The release of Java 8 is also one months old, and I am sure that we are now exploring the new features in JDK 8. But before you start delving into Java 8, it's a good idea to review what new features are in Java 7. If you remember, Java 6 doesn't add any features, it's just a few changes to the JVM and a performance boost, but JDK 7 adds a lot of power to help improve development efficiency. What is the purpose of my writing this article now? Why do I still talk about Java1.7 when everyone else is talking about Java 8? Because I don't think all Java developers are aware of the changes in JDK 7, and when is it more appropriate to introduce the features of the previous version than when the new version is released? I also rarely see developers using automatic resource management (ARM) in their code, although the IDE's assistive tools already support this feature. However, it is true to see someone using the switch function of string and <> doing type deduction, and few people know the fork-join framework, or catch multiple exceptions in a catch block, or use underscores in numeric literals. So I take this opportunity to write a brief summary of the changes that will facilitate our daily development efforts. NiO and the new file interface, along with many API-level changes, are also noteworthy.

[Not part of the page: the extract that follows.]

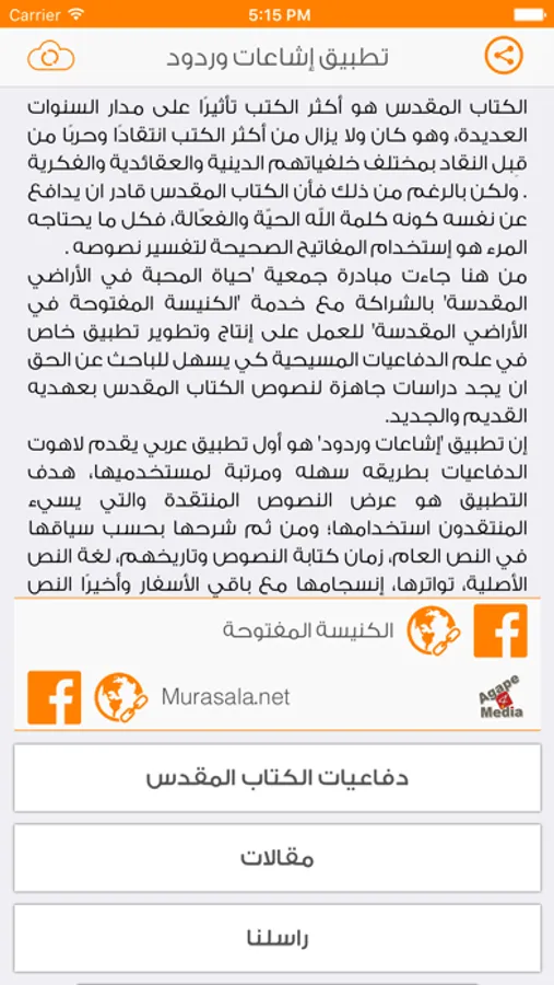 كما ويعرض التطبيق إمكانية التواصل معنا من خلال العناوين المعروضة في التطبيق، وان كانت لديك أسئلة او استفسارات بخصوص نصوص معينه او اي سؤال او ملاحظة تتعلق بالعقيدة المسيحية يمكنك مراسلتنا ايضا.
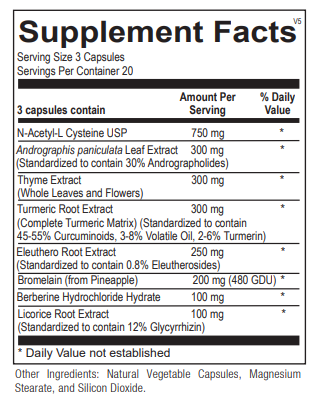 Bromelain: Bromelain is a plant enzyme that is naturally found in the stem and fruit of the pineapple plant. Bromelain exerts a synergistic effect when combined with NAC due to its proteolytic (protein-digesting) effects. Bromelain has been shown to be effective at thinning nasal secretions and provides an additional benefit of balancing inflammatory response.

I believe that when combined with the lambda expression of Java 8, the code written will definitely be more concise.

Type deduction

JDK 1.7 introduces a new operator, <>, also known as the diamond operator, which allows the construction method to be type-deduced as well. Prior to Java 7, type inference was only available for methods, as Joshua Bloch in the second edition of Effiective Java, which is now finally implemented in the constructor method. Before that, you have to specify the type at the left and right sides of the object creation expression, and now you just need to specify it on the left, just like this.

Before JDK 7

map<string, list<string>> employeerecords = new hashmap<string, list<string>> (); List<integer> primes = new arraylist<integer> ();

JDK 7

map<string, list<string>> employeerecords = new hashmap<> (); List<integer> primes = new arraylist<> ();

In Java 7, you can use less code, especially when using collections, where generics are used extensively. Click here to learn more about the Java diamond operator. (the original does not provide a link AH)

Support for string in switch

Before JDK 7, only integer types can be used as a selection factor for the Switch-case statement. In JDK7, you can use a string as the selection factor. Like what:

String state = "NEW";   Switch (day) {case ' new ': System.out.println ("Order is in NEW State"); Case "CANCELED": System.out.println ("Order is Cancelled");   Break Case ' REPLACE ': System.out.println ("Order is replaced successfully");   Break Case "FILLED": System.out.println ("Order is FILLED");   Break Default:System.out.println ("Invalid"); }

The Equals and Hashcode () methods of string are used when comparing, so this comparison is case-sensitive. The advantage of using string in switch is that the compiler can generate more efficient code than directly using If-else. For more detailed instructions please click here.

Automated resource Management (Automatic Resource Management)

Before JDK 7, we needed to use a finally block to ensure that the resources were actually freed, whether the try block was completed or interrupted. For example, when reading files or input streams, we need to close them in the finally block, which leads to a lot of boilerplate code, like this:

Public static void main (string args[])  {         fileinputstream fin = null;        bufferedreader  br = null;        try {             fin = new fileinputstream ("Info.xml");             br = new bufferedreader (New  inputstreamreader (Fin));            if  (Br.ready ())  {                 string line1 = br.readline ();09                 system.out.println (line1);             }         } catch  (Filenotfoundexception ex)  {             system.out.println ("Info.xml is  Not found ");        } catch  (IOException ex)   {            system.out.println ("Can ' T read  the file ");        } finally {             try {                 if  (Fin != null)  fin.close ();                 if  (br !=  null)  br.close ();            }  catch  (IoexcePtion ie)  {                 system.out.println ("Failed to close files");             }        }     }

Look at this code, is not a lot of boilerplate code?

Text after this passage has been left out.